### Given data
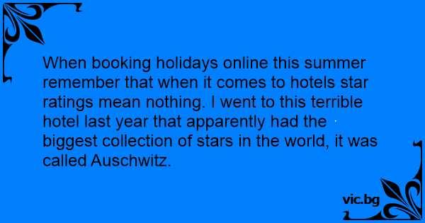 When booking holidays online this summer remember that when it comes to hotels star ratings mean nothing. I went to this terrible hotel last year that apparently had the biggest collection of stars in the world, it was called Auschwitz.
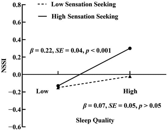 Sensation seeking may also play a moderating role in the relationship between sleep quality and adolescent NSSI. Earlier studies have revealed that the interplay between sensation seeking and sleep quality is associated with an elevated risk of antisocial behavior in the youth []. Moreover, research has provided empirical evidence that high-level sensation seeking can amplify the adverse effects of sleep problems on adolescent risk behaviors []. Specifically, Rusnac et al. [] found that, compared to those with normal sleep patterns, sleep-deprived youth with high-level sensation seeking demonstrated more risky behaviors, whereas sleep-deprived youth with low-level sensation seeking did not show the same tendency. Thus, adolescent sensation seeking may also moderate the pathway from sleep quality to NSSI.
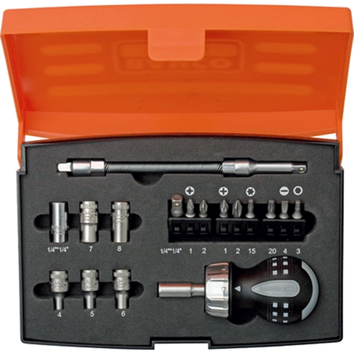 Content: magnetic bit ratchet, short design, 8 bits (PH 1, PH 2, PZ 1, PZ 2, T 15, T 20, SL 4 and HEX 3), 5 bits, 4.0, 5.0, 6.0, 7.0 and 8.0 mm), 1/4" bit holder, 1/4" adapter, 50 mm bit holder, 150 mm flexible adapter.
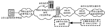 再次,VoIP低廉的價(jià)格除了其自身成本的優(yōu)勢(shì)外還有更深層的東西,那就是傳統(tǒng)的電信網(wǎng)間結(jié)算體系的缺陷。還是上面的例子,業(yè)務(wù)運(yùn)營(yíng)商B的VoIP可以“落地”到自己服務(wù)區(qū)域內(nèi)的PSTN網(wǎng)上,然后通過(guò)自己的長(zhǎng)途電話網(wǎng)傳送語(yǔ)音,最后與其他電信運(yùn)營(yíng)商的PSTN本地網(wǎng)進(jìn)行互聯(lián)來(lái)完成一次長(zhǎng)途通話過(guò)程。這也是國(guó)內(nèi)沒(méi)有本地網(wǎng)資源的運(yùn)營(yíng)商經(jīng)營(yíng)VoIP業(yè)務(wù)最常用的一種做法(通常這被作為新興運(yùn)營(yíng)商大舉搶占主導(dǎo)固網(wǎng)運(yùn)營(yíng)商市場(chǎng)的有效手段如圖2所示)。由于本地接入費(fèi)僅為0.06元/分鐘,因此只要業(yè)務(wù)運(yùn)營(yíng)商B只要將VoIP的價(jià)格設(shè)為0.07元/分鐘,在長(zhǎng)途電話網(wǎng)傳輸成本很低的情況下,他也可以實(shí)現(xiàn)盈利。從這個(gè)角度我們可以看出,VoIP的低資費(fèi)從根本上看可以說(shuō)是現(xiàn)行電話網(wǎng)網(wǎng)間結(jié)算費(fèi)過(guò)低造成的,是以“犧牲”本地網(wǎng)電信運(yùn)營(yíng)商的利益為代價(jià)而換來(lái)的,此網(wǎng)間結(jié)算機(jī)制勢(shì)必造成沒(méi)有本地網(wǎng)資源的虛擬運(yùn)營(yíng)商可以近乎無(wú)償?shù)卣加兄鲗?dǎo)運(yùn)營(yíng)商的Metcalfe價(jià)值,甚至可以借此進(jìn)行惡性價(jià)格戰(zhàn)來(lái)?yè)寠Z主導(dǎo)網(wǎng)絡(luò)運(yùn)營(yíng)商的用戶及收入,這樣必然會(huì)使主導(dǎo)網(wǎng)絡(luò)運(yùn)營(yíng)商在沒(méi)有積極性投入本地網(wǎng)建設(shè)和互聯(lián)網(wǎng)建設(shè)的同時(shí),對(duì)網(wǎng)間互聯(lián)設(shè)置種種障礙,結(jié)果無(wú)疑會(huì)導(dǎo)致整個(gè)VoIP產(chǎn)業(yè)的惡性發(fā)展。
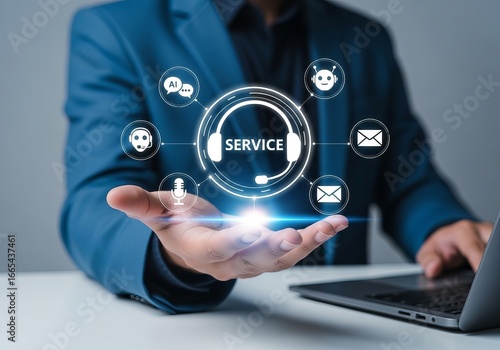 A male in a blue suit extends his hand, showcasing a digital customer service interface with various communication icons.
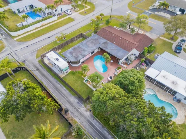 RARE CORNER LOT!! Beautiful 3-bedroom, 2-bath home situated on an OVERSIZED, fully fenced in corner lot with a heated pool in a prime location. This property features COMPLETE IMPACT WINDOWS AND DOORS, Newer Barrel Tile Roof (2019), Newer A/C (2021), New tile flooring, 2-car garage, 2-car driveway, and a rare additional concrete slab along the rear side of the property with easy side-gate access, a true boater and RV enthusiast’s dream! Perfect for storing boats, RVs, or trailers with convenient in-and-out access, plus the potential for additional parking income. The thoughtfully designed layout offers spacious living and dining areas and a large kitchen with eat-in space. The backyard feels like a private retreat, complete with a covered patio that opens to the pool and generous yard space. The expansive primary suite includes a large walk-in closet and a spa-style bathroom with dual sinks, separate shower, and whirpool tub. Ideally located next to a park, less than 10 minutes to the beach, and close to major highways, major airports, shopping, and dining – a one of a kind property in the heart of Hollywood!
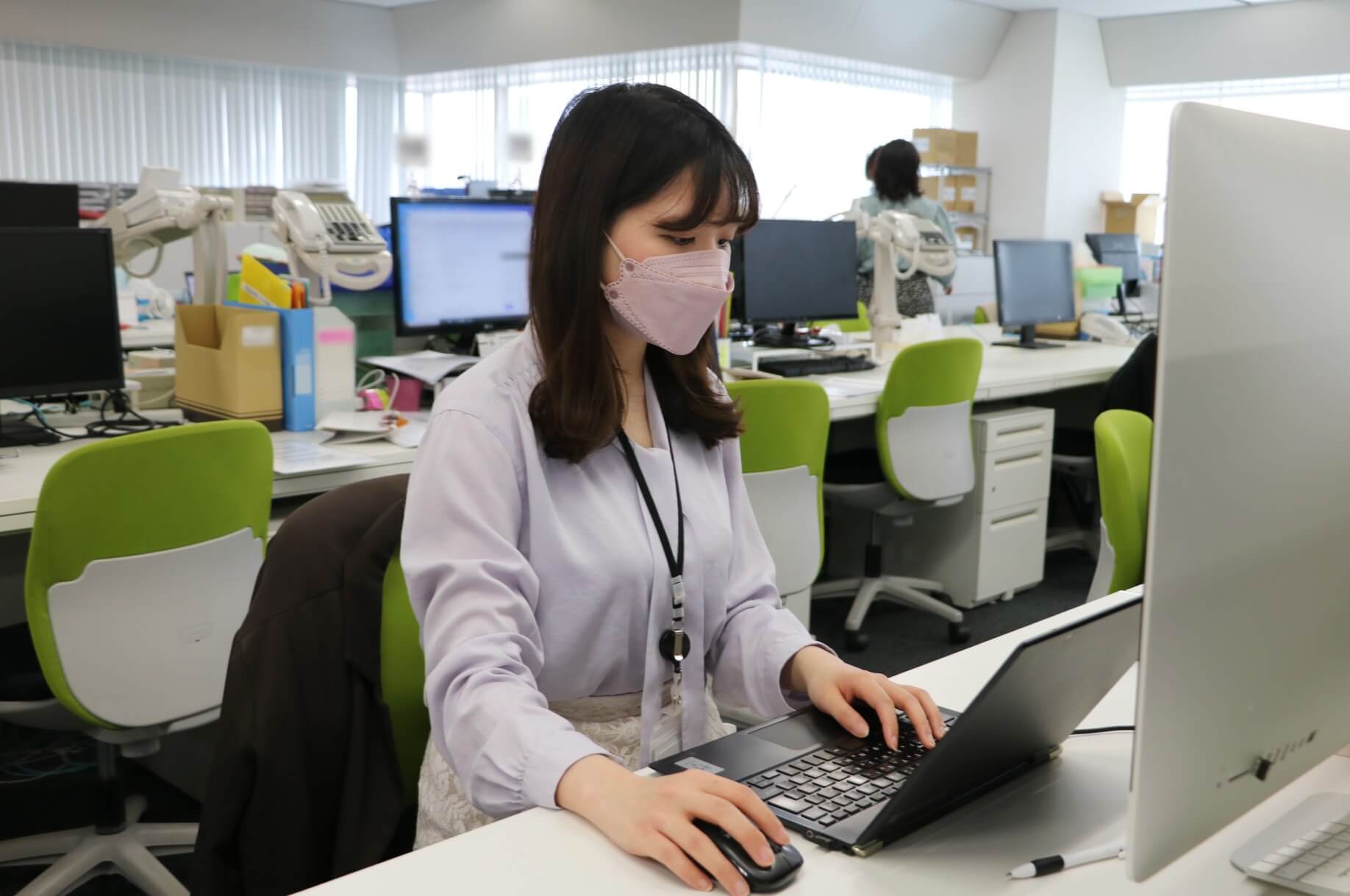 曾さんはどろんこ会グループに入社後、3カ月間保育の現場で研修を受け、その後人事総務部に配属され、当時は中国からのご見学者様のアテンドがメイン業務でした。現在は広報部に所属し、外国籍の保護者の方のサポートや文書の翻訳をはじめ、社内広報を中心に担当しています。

...

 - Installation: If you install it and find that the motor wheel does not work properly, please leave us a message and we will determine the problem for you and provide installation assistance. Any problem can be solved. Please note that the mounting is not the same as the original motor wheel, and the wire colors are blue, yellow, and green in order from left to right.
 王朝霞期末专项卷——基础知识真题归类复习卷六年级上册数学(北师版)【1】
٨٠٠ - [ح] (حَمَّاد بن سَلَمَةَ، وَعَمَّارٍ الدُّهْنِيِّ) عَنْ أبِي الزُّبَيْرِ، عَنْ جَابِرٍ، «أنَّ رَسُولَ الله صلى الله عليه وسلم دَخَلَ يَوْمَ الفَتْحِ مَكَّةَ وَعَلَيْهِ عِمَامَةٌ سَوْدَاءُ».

### What the task asks
In the listing above, find the line with "Content: magnetic bit" and the line with "A male in a". Copy both of them and every line between, exactly, but not the pictures.

### Exercise output
 Content: magnetic bit ratchet, short design, 8 bits (PH 1, PH 2, PZ 1, PZ 2, T 15, T 20, SL 4 and HEX 3), 5 bits, 4.0, 5.0, 6.0, 7.0 and 8.0 mm), 1/4" bit holder, 1/4" adapter, 50 mm bit holder, 150 mm flexible adapter.
 再次,VoIP低廉的價(jià)格除了其自身成本的優(yōu)勢(shì)外還有更深層的東西,那就是傳統(tǒng)的電信網(wǎng)間結(jié)算體系的缺陷。還是上面的例子,業(yè)務(wù)運(yùn)營(yíng)商B的VoIP可以“落地”到自己服務(wù)區(qū)域內(nèi)的PSTN網(wǎng)上,然后通過(guò)自己的長(zhǎng)途電話網(wǎng)傳送語(yǔ)音,最后與其他電信運(yùn)營(yíng)商的PSTN本地網(wǎng)進(jìn)行互聯(lián)來(lái)完成一次長(zhǎng)途通話過(guò)程。這也是國(guó)內(nèi)沒(méi)有本地網(wǎng)資源的運(yùn)營(yíng)商經(jīng)營(yíng)VoIP業(yè)務(wù)最常用的一種做法(通常這被作為新興運(yùn)營(yíng)商大舉搶占主導(dǎo)固網(wǎng)運(yùn)營(yíng)商市場(chǎng)的有效手段如圖2所示)。由于本地接入費(fèi)僅為0.06元/分鐘,因此只要業(yè)務(wù)運(yùn)營(yíng)商B只要將VoIP的價(jià)格設(shè)為0.07元/分鐘,在長(zhǎng)途電話網(wǎng)傳輸成本很低的情況下,他也可以實(shí)現(xiàn)盈利。從這個(gè)角度我們可以看出,VoIP的低資費(fèi)從根本上看可以說(shuō)是現(xiàn)行電話網(wǎng)網(wǎng)間結(jié)算費(fèi)過(guò)低造成的,是以“犧牲”本地網(wǎng)電信運(yùn)營(yíng)商的利益為代價(jià)而換來(lái)的,此網(wǎng)間結(jié)算機(jī)制勢(shì)必造成沒(méi)有本地網(wǎng)資源的虛擬運(yùn)營(yíng)商可以近乎無(wú)償?shù)卣加兄鲗?dǎo)運(yùn)營(yíng)商的Metcalfe價(jià)值,甚至可以借此進(jìn)行惡性價(jià)格戰(zhàn)來(lái)?yè)寠Z主導(dǎo)網(wǎng)絡(luò)運(yùn)營(yíng)商的用戶及收入,這樣必然會(huì)使主導(dǎo)網(wǎng)絡(luò)運(yùn)營(yíng)商在沒(méi)有積極性投入本地網(wǎng)建設(shè)和互聯(lián)網(wǎng)建設(shè)的同時(shí),對(duì)網(wǎng)間互聯(lián)設(shè)置種種障礙,結(jié)果無(wú)疑會(huì)導(dǎo)致整個(gè)VoIP產(chǎn)業(yè)的惡性發(fā)展。
 A male in a blue suit extends his hand, showcasing a digital customer service interface with various communication icons.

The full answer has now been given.